Faithfully repeat each entry below, minus the pictures.
————
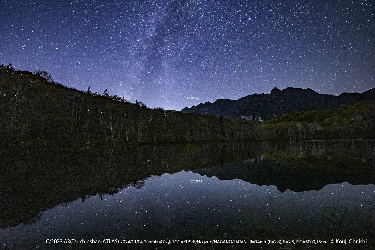 #今日の星景写真 2025年11月4日 「彗星の記憶;紫金山・アトラス彗星」 撮影:2024/11/04 #戸隠 2024年10月、肉眼でも見える大彗星となった #紫金山アトラス彗星 地球からの距離と季節の移ろいにともなう変化を 連続撮影によって追跡した ——11月4日、探してみてほしい C/2023 A3 #長野県は宇宙県
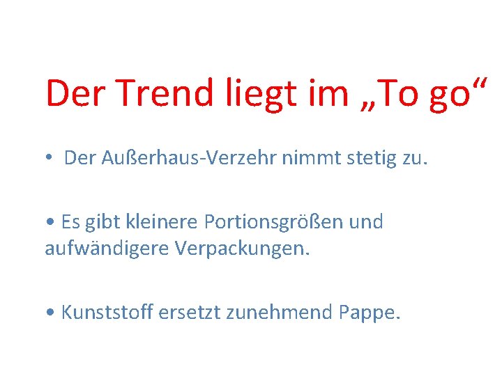 Der Trend liegt im „To go“ • Der Außerhaus-Verzehr nimmt stetig zu. • Es gibt kleinere Portionsgrößen und aufwändigere Verpackungen. • Kunststoff ersetzt zunehmend Pappe.
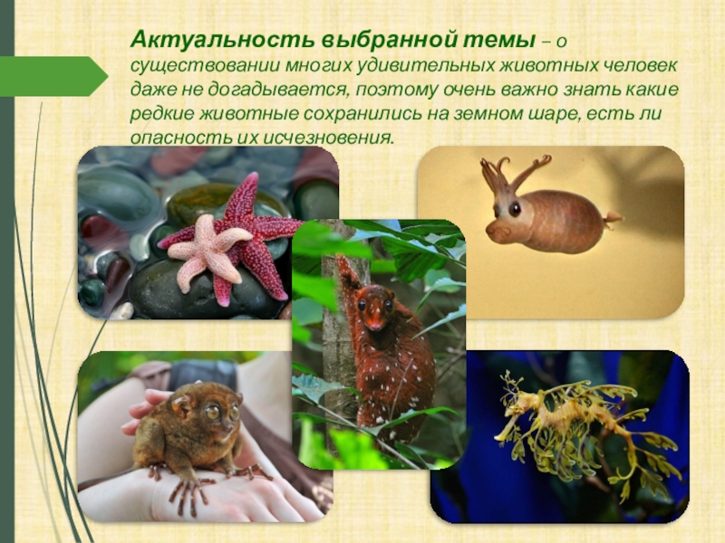 Актуальность выбранной темы – о существовании многих удивительных животных человек даже не догадывается, поэтому очень важно знать
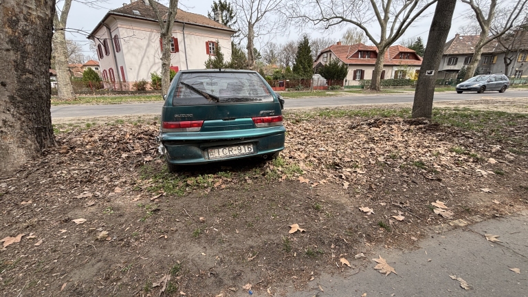 A képen látható Suzuki évek óta a képen látható állapotban a XIX. kerület Esze Tamás utca 15. szám előtt parkol. Az autó műszaki vizsgája 2022-ben lejárt.
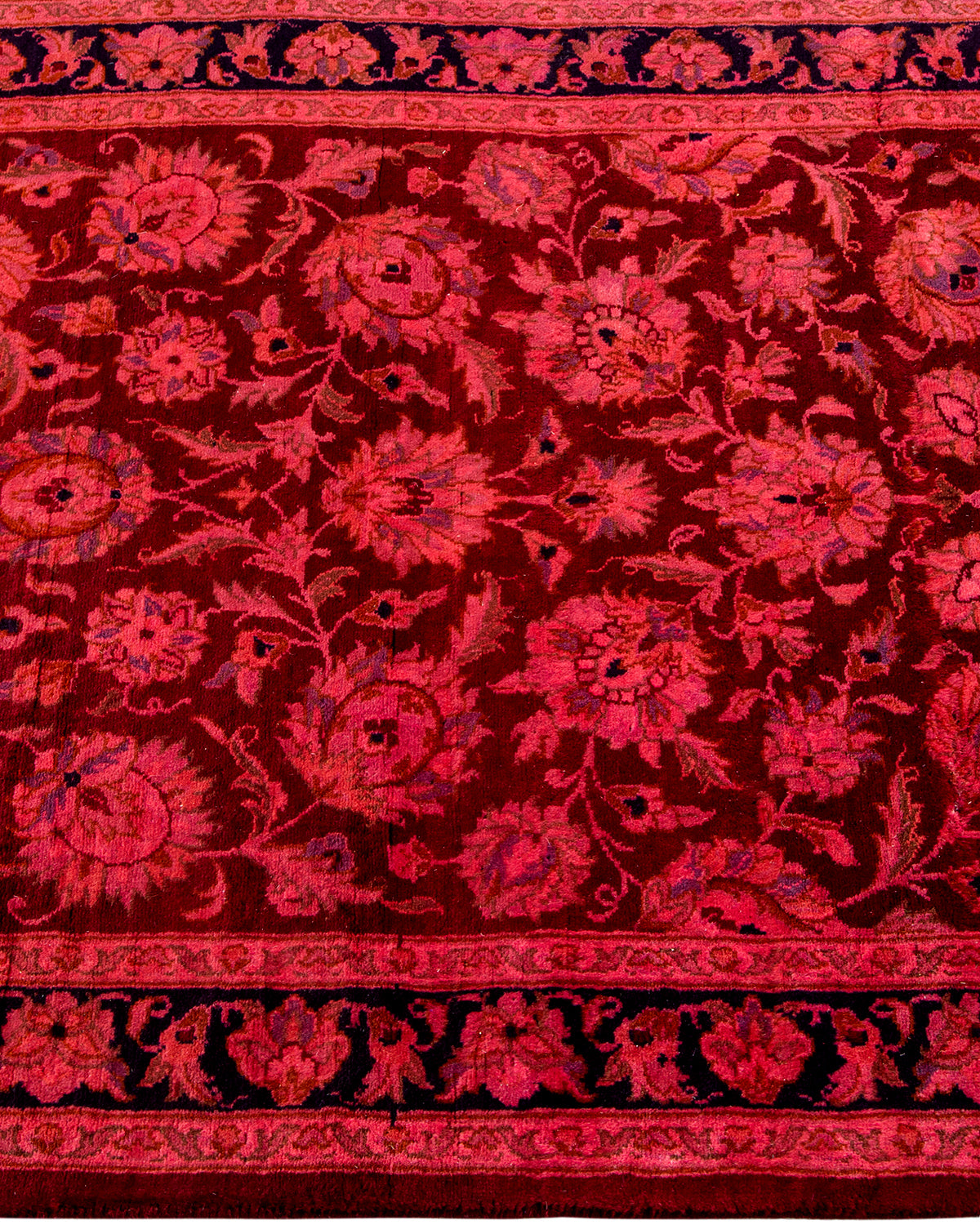 Overdyed rugs epitomize classic with a twist: traditional patterns overdyed in brilliant color. Each hand-knotted rug is washed in a 100%-natural botanical dye that reveals hidden nuances in the designs. These are rugs that transcend trends, and their sturdy construction ensures that they’ll withstand years of heavy traffic.
————
**Exercise output:**
 #今日の星景写真 2025年11月4日 「彗星の記憶;紫金山・アトラス彗星」 撮影:2024/11/04 #戸隠 2024年10月、肉眼でも見える大彗星となった #紫金山アトラス彗星 地球からの距離と季節の移ろいにともなう変化を 連続撮影によって追跡した ——11月4日、探してみてほしい C/2023 A3 #長野県は宇宙県
 Der Trend liegt im „To go“ • Der Außerhaus-Verzehr nimmt stetig zu. • Es gibt kleinere Portionsgrößen und aufwändigere Verpackungen. • Kunststoff ersetzt zunehmend Pappe.
 Актуальность выбранной темы – о существовании многих удивительных животных человек даже не догадывается, поэтому очень важно знать
 A képen látható Suzuki évek óta a képen látható állapotban a XIX. kerület Esze Tamás utca 15. szám előtt parkol. Az autó műszaki vizsgája 2022-ben lejárt.
 Overdyed rugs epitomize classic with a twist: traditional patterns overdyed in brilliant color. Each hand-knotted rug is washed in a 100%-natural botanical dye that reveals hidden nuances in the designs. These are rugs that transcend trends, and their sturdy construction ensures that they’ll withstand years of heavy traffic.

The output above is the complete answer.